Brightsolid generates revenue from the pay-per-view and subscription options offered online, such as the 12-month subscription costing £79.95 for unlimited access.

For copyrighted material, Brightsolid gains permission to scan the material from the rights holders, who are in turn remunerated. The British Library receives a royalty on material that is out of copyright.

Townend said that the biggest challenge for Brightsolid was to create a web solution that could cope with peaks in demand from the launch date onwards.
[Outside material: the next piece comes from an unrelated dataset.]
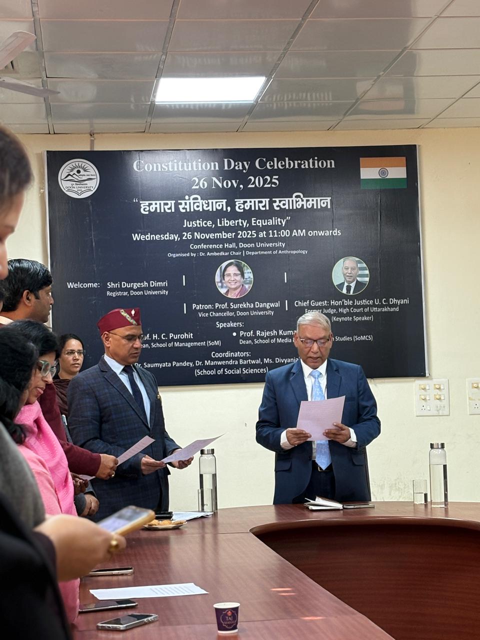 Speaking at the Constitution Day celebrations held at Doon University, he said the Indian Constitution is the world’s largest written document, drafted after extensive study and dedication by the framers of the Constitution.

The launch on 29 November saw 1.2 million searches across the 4 million pages.

Malcolm Dobson, CTO at Brightsolid, explained that to ensure that the website could cope, Brightsolid and the British Library had to agree on the demand expected from the launch.

"Using our knowledge from the Census project, we projected what we thought the peak traffic would be and peak searches per second with the British Library and wrote a test plan.

"We had to decide what the optimal server configuration was going to be and then attempted to deliver those things using a set of tests," he said.

The scanning process began in January 2011, with a website-testing period starting from late summer until the launch in November.

Dobson went on to say that the bandwidth also had to be considered to enable the website to function during peak demand.

"We used the Microsoft Deep Zoom image tiling system, which allows you to look at different resolution levels of an image and at individual tiles or more detailed resolutions as you zoom in.

"So it is much faster and responsive and, ultimately, saves bandwidth, but we needed an efficient tiling system, otherwise image loading times would have been unreasonable."

"We also split infrastructure across two physical sites to ensure that we had excess of 1 gigabyte per second of bandwidth for our site to launch," he said.

Brightsolid said that the second phase of the project has already started and will see a further 36 million pages made available over the next nine years.

Commenting on the British Library's future plans, Townend said: "The library is exploring radio and other digital content for the archive website. We are also looking to archive the entire UK web domain and are running some trials for this."